This picture, taken from the Israeli side of the border with the Gaza Strip, shows smoke rising above buildings during Israeli strikes on the northern part of the Palestinian enclave on Wednesday, Nov. 22, 2023, as battles between Israel and the Hamas movement continue. (John MacDougall, AFP/Getty Images/TNS)

(Tribune News Service) — As Israel has waged its war in the Gaza Strip, officials across the world are united in trying to figure out how to restore order when all the fighting stops. There’s little agreement, however, and even less optimism.

Israel’s goal is to eradicate Hamas and secure the enclave. But like so much about the events of the Palestinian militant group’s Oct. 7 attack on the Jewish state and its aftermath, what advocates seek for the future of Gaza reflects how they interpret the past — and on that, they can’t agree.

That raises questions over whether Israel can ever achieve its stated aims: to deradicalize and demilitarize the Palestinian territory of 2.2 million people on its southwestern border.

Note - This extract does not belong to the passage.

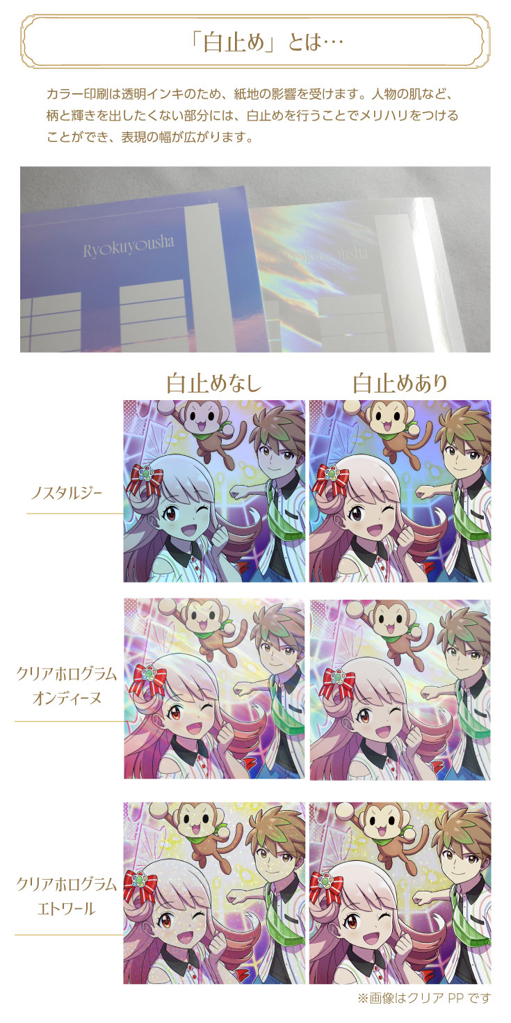 白止めを行った箇所につきましても、下地を完全に遮蔽することは出来ません。 - ・非常にキズがつきやすい用紙です。表面保護のためPP加工したものであっても、

Israel and Hamas agreed to a hostage deal announced early Wednesday and a pause in fighting, but it’s uncertain whether any sustainable peace will endure.

U.S. President Joe Biden wants to bring the more moderate Palestinian Authority from the West Bank, led by Mahmoud Abbas, back into Gaza more than 16 years after it was ejected and restart the building of a Palestinian state, as he laid out in a recent essay and public statements.

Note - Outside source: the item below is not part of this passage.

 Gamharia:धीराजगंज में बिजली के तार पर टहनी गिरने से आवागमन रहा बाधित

Interviews with two dozen officials, diplomats and analysts in Israel, the Arab world, Europe and the U.S. — most of which were granted on condition of anonymity to discuss sensitive negotiations — show the range of options along with the mistrust and confusion dominating the discussions.

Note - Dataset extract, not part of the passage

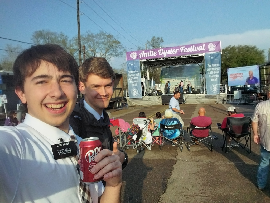 We were under tornado watch in the morning but it cleared up so we got to go to the oyster festival where I had some charbroiled oyster. It was good 8/10. Me and Elder Stubbs also got called Bible salesmen which is a new one for me.

Unlike the U.S., the government of Israeli Prime Minister Benjamin Netanyahu opposes a Palestinian state and wants to keep the West Bank and Gaza separate. It seeks to foster a young technocratic leadership inside Gaza with Arab money, U.S. guidance and Israeli security that will build something like Dubai on the Mediterranean, according to senior Israeli officials and others with whom they’ve spoken. It’s an approach most outsiders consider pie in the sky.

The Palestinian Authority says it won’t discuss the future without a ceasefire, but privately officials say they’re ready to return, just not on the back of Israeli tanks. The European Union supports its return, one senior official said, and could beef up its border control mission in Gaza that was withdrawn after Oct. 7. Top officials from the E.U. have been holding discussions with officials from the authority and key Arab states.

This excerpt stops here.